В это время лакей в чулках принес на серебряном подносе письмо.
– Как раз от Aline. Вот ты и Кизеветера услышишь.
– Кто это – Кизеветер?
– Кизеветер? Вот приходи нынче. Ты и узнаешь, кто он такой. Он так говорит, что самые закоренелые преступники бросаются на колени и плачут и раскаиваются.
Графиня Катерина Ивановна, как это ни странно было и как ни мало это шло к ее характеру, была горячая сторонница того учения, по которому считалось, что сущность христианства заключается в вере в искупление. Она ездила на собрания, где проповедовалось это бывшее модным тогда учение, и собирала у себя верующих. Несмотря на то, что по этому учению отвергались не только все обряды, иконы, но и таинства, у графини Катерины Ивановны во всех комнатах и даже над ее постелью были иконы, и сна исполняла все требуемое церковью, не видя в этом никакого противоречия.
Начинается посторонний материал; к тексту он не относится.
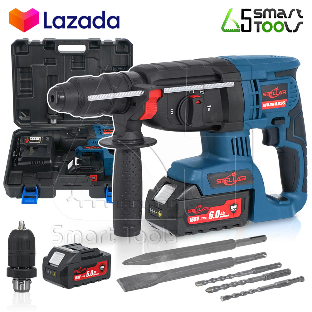 [ลดล้างสต๊อก] STELLAR สว่านโรตารี่ สว่านแบต ไร้สาย 3 ระบบ 26 มม. Brushless Motor แบตเตอรี่ ลิเธียมไอออน ขนาดใหญ่ Li-ion 168V (เปลี่ยนหัวสว่านได้) พร้อมดอกสว่าน 5 ดอก รุ่นงานหนัก ทนทานต่อการใช้งาน ST-MP-168VL

– Вот бы твоя Магдалина послушала его; она бы обратилась, – сказала графиня. – А ты непременно будь дома вечером. Ты услышишь его. Это удивительный человек.
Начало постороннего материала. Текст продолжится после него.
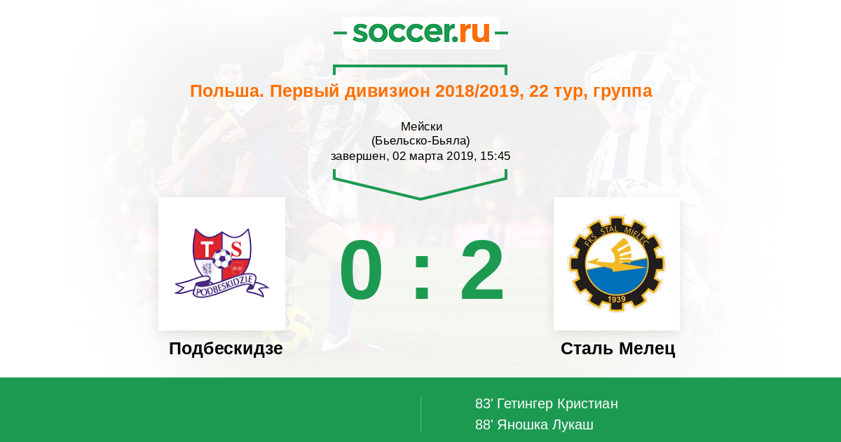 Протокол матча Подбескидзе против Сталь Мелец

– Мне это неинтересно, ma tante.
– А я тебе говорю, что интересно. И ты непременно приезжай. Ну, говори, еще что тебе от меня нужно? Videz votre sac.
– А еще дело в крепости.
– В крепости? Ну, туда я могу дать тебе записку к барону Кригсмуту.
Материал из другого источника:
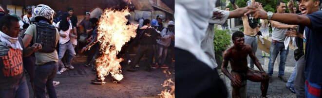 A gauche, des guarimberos trop souvent présentés dans notre presse comme des manifestants non violents. A droite, des militaires blessés par une explosion, le jour de l’élection pour la constituante. Une vidéo de l’attaque relayée par le Times : https://www.youtube.com/watch?v=_aZeqpD4ggM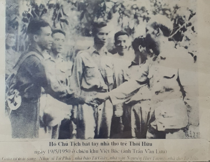 Nhà thơ, nhà báo Thôi Hữu vinh dự được bắt tay Bác Hồ ở chiến khu Việt Bắc, ngày 19-5-1950, nhân dịp Bác Hồ gặp các nhà báo. (Ảnh tư liệu của Trần Văn Lưu)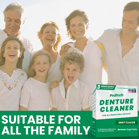Protech Denture Cleaner 7g (3-Month Supply) Denture Cleanser Foils for Retainers, Nightguards, Mouthguards, and Dentures, Nicotine, Coffee and Iron Cleaning Foils, No Tablets, Long Lasting Packets

C'est un tres brave homme. Да ты сам его знаешь. Он с твоим отцом товарищ. Il donne dans le spiritisme. Ну, да это ничего. Он добрый. Что же тебе там надо?
– Надо просить о том, чтобы разрешили свиданье матери с сыном, который там сидит. Но мне говорили, что это не от Кригсмута зависит, а от Червянского.
– Червянского я не люблю, но ведь это муж Mariette. Можно ее попросить.
Она сделает для меня. Elle est tres gentille.
– Надо просить еще об одной женщине. Она сидит несколько месяцев, и никто не знает за что.
– Ну, нет, она-то сама наверно знает за что. Они очень хорошо знают. И им, этим стриженым, поделом.
– Мы не знаем, поделом или нет. А они страдают. Вы – христианка и верите Евангелию, а так безжалостны…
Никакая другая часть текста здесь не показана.